PERFORMANCES THIS WEEK INCLUDED the Phoenix Dance Company at the Royal Northern College of Music, The Halle at the Bridgewater Hall, Pucho at Band on the Wall, Evolution: Body at the Royal Exchange Studio, The Caucasian Chalk Circle at the Royal Exchange, The Corrs at the MEN Arena, and many more. And one piece of good news for theatre-goers: Bolton's Octagon theatre has been saved with a £250,000 cash input.
FRIDAY'S M.E.N. WEIGHED IN AT OVER 250 grams - by my reckoning - over half a pound - and all for 10p. The local paper I spend so much of my time perusing is certainly crammed with stuff from cover to cover. Of particular interest to Mancunophiles is a new daily historical account by Tom Waghorn and others, documenting the history of Manchester. In Friday's "Girl About Town" writer Tania Branigan visits a different local district, this week it was Mossley. The guided walks by John and Anne Nuttall provide interesting and informative ideas for days out on foot. Saturdays' article featured a walk around Elton reservoir, near Bury. "Memories", also on Saturdays covers local history, with letters and pictures sent by readers. And if you're looking for long lost relatives or friends, "In Touch", on the next page, may help you to find them. "In Touch" also appears on Manchester Online.

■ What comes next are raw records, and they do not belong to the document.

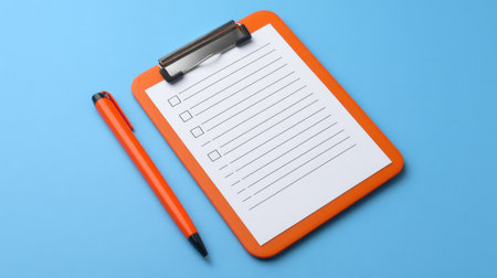 A colorful clipboard with an empty checklist alongside an orange pen on a blue background, perfect for organization, planning, and productivity.
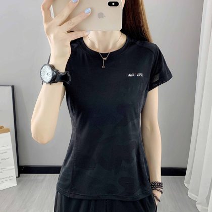 Outdoor Quick-drying T-shirt Women’s Sports Running Fitness Loose Round Neck Camouflage Thin Micro-elastic Summer Short-sleeved Quick-drying Clothes
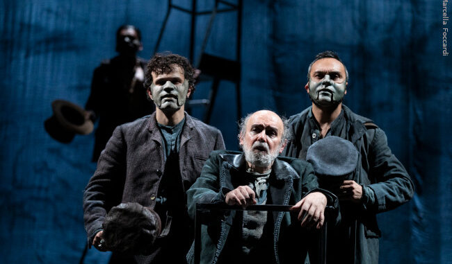 In scena accanto a De Capitani (che interpreta Achab, padre Mapple, Lear e l’impresario teatrale) troviamo Cristina Crippa, Angelo Di Genio, Marco Bonadei, Enzo Curcurù, Alessandro Lussiana, Massimo Somaglino, Michele Costabile, Giulia Di Sacco e Vincenzo Zampa. Il cast salda le eccellenze artistiche di tre generazioni di interpreti. La musica dal vivo di Mario Arcari e i canti diretti da Francesca Breschi (vibranti rielaborazioni degli sea shanties) riempiono intensamente la scena generando emozioni profonde, in uno spazio dominato da un fondale enorme, eppure leggero, cangiante e mutevole, capace di evocare l’immensità del mare e la presenza incombente del capodoglio.
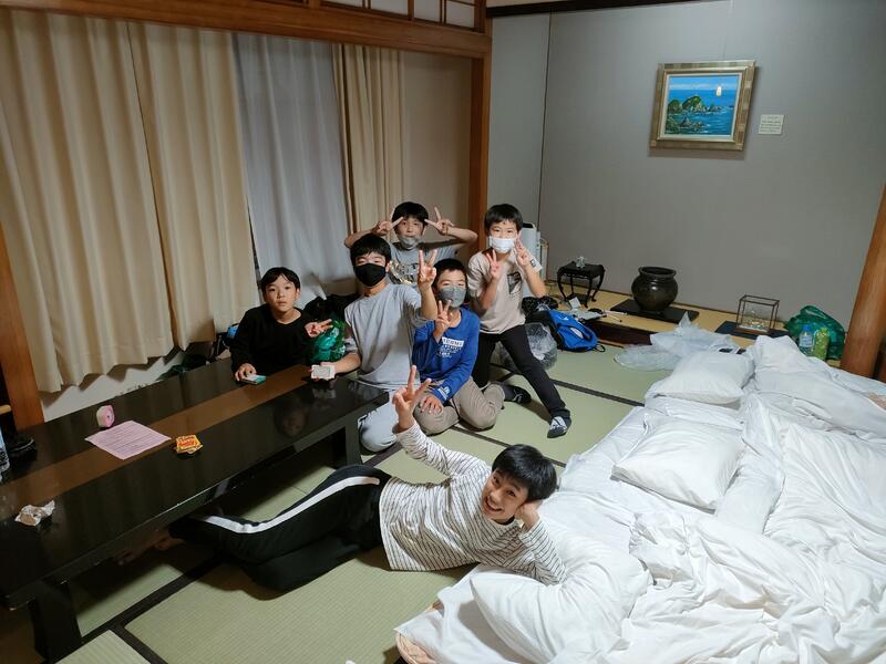 就寝前のひと時を楽しく過ごしています。明日も早くから活動します。全員元気に過ごしていますよ。おやすみなさい!
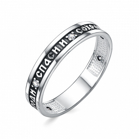 Кольцо (Господи Спаси и Сохрани мя) с фианитом из серебра частично черненое лить
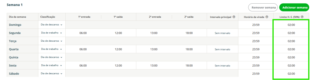 No exemplo abaixo, ao acessar um turno, se estiver preenchido como 02:00, significa que as duas primeiras horas serão computadas no fator de multiplicação 1.
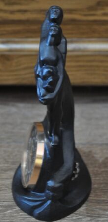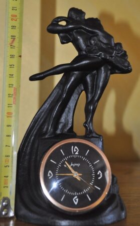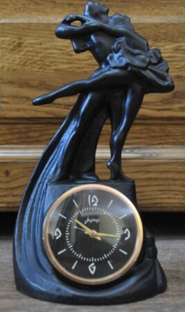 Cette horloge est le fruit de la coopération entre la Fabrique de Montres de Tchéliabinsk et de la Fabrique de Kasli, deux fabriques voisines situées dans l’Oural.Marque: Molnija (« Éclair »),Son mécanisme est un 57128.Fabrication: 1968
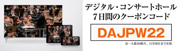 >>本文末尾に、「デジタル・コンサートホール」が7日間無料視聴できるクーポンコードが記載されています。ぜひこの機会に、実際にご自身で体験してみてください。<<

A DINNER LADY WHO TOLD SECRETS OF HER SEX LIFE to a magazine was moved from the Roman Catholic Mount Carmel School in Alderley Edge. Cath Irvine, 27 revealed to the magazine "Chat" how she and her husband Stuart, 36, attend sex-swap parties. But when senior staff at the school heard about the article, they made their disapproval clear, and the contract catering firm who employed her decided to move her. The story received a lot of publicity, which is probably the opposite of what the school bosses intended. I can't imagine any of the dinner ladies at my school (Xaverian) getting up to stuff like that.

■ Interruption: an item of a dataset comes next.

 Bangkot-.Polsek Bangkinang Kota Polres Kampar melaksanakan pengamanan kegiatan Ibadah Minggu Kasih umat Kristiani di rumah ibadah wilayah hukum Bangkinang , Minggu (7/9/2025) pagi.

SNOW FELL IN THE MANCHESTER AREA last night, and I saw cars this morning with the white stuff on the roof, but here close to the centre of the city, we saw hardly any at all. Yesterday was the best day of the week, with lots of sunshine - I was out with my cameras all day, finishing up at Harthead Pike near Mossley, where there was an icy wind blowing in from the north. The rest of the week was mostly cloudy and misty, with milder temperatures. In the latter part of last week, strong winds tore the roof off a building in Ashton. The cold weather is going to continue, so say weather forecasters, I'm hoping for more snow.